Top of Dataset content

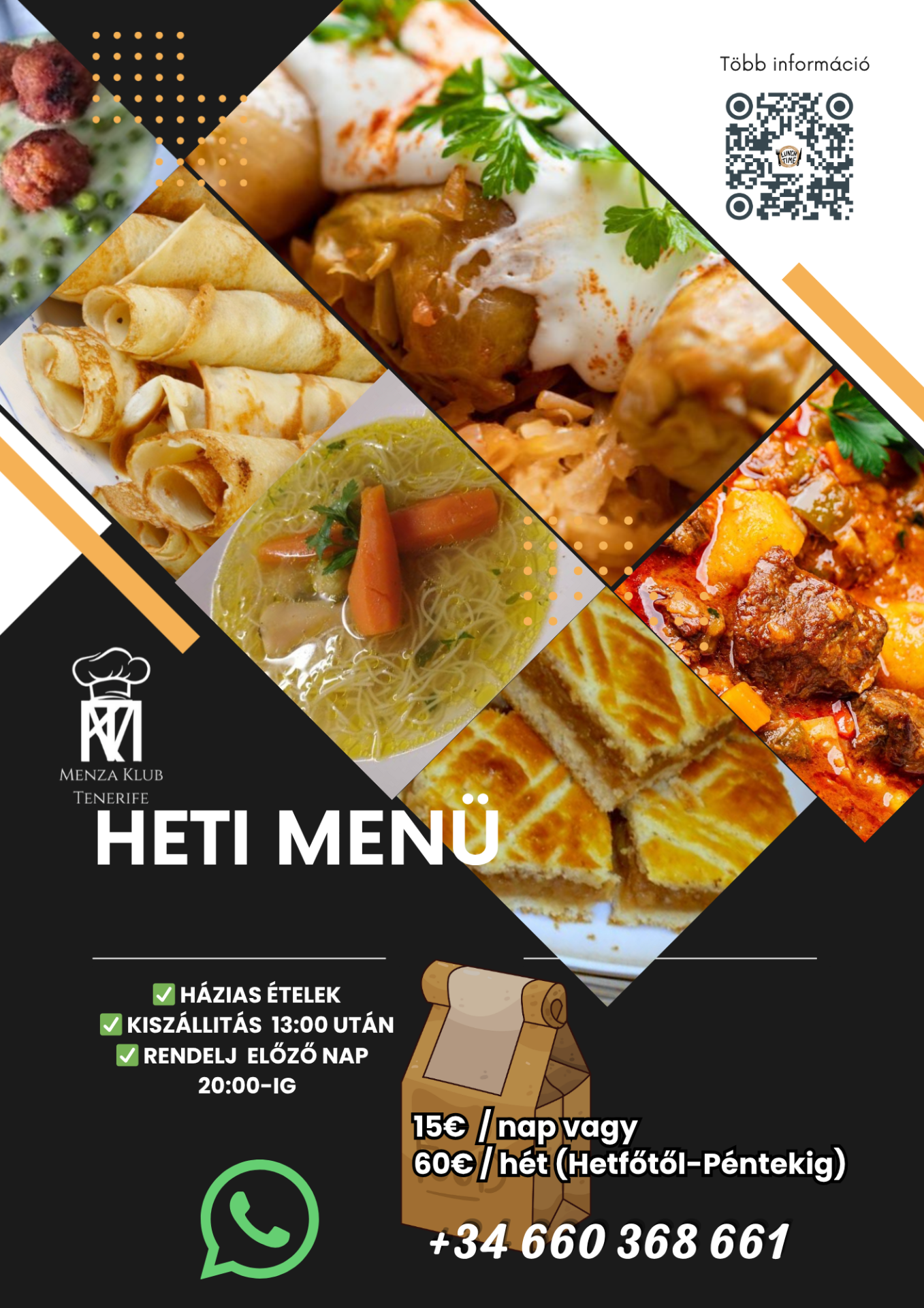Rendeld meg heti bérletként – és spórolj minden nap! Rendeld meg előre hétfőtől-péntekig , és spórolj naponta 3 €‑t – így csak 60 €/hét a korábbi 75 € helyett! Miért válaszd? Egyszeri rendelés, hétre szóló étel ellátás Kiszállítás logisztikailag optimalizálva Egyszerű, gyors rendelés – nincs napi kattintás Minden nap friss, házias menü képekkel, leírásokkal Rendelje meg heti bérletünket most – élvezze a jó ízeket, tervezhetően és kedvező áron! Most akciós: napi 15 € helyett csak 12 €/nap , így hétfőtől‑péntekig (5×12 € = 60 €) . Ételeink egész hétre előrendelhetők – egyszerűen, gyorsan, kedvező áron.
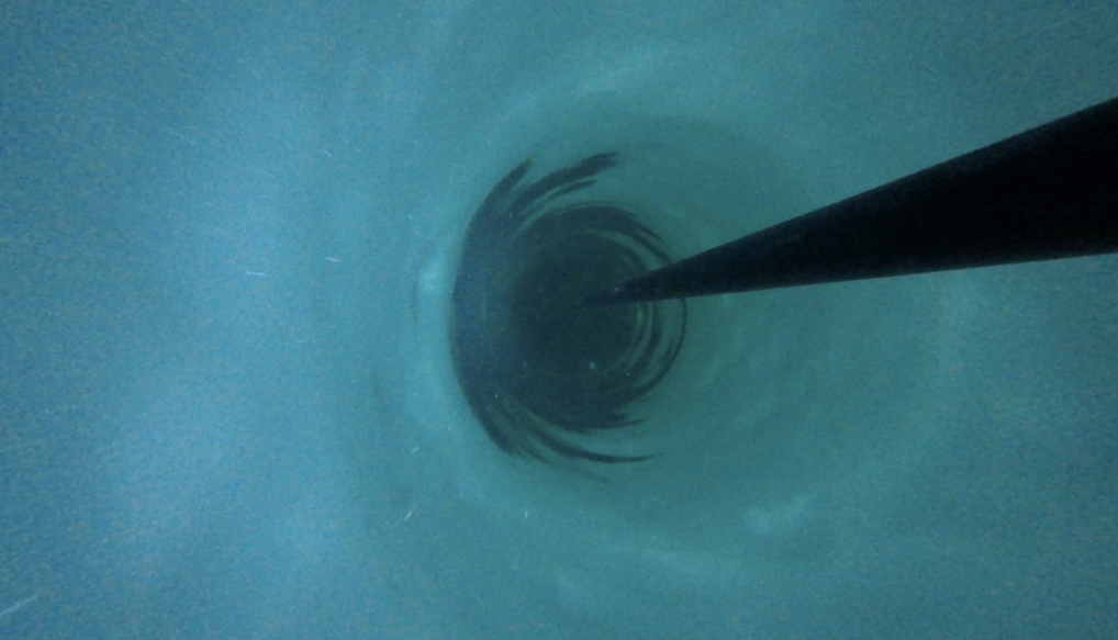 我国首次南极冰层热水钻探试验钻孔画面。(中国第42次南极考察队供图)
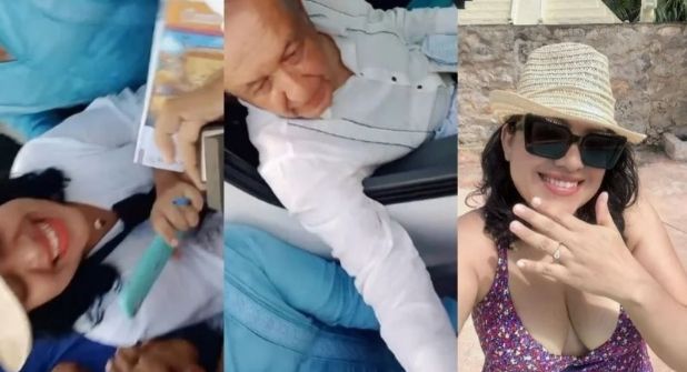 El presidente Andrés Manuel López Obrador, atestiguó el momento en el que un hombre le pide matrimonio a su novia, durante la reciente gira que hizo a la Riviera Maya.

Bottom of Dataset content

→ Problem statement
Your reply should hold exactly the lines from the line containing "我国首次南极冰层热水钻探试验钻孔画面。(中国第42次南极考察队供图)" through the final line of the listing, and none of the pictures.

→ Task response
 我国首次南极冰层热水钻探试验钻孔画面。(中国第42次南极考察队供图)
 El presidente Andrés Manuel López Obrador, atestiguó el momento en el que un hombre le pide matrimonio a su novia, durante la reciente gira que hizo a la Riviera Maya.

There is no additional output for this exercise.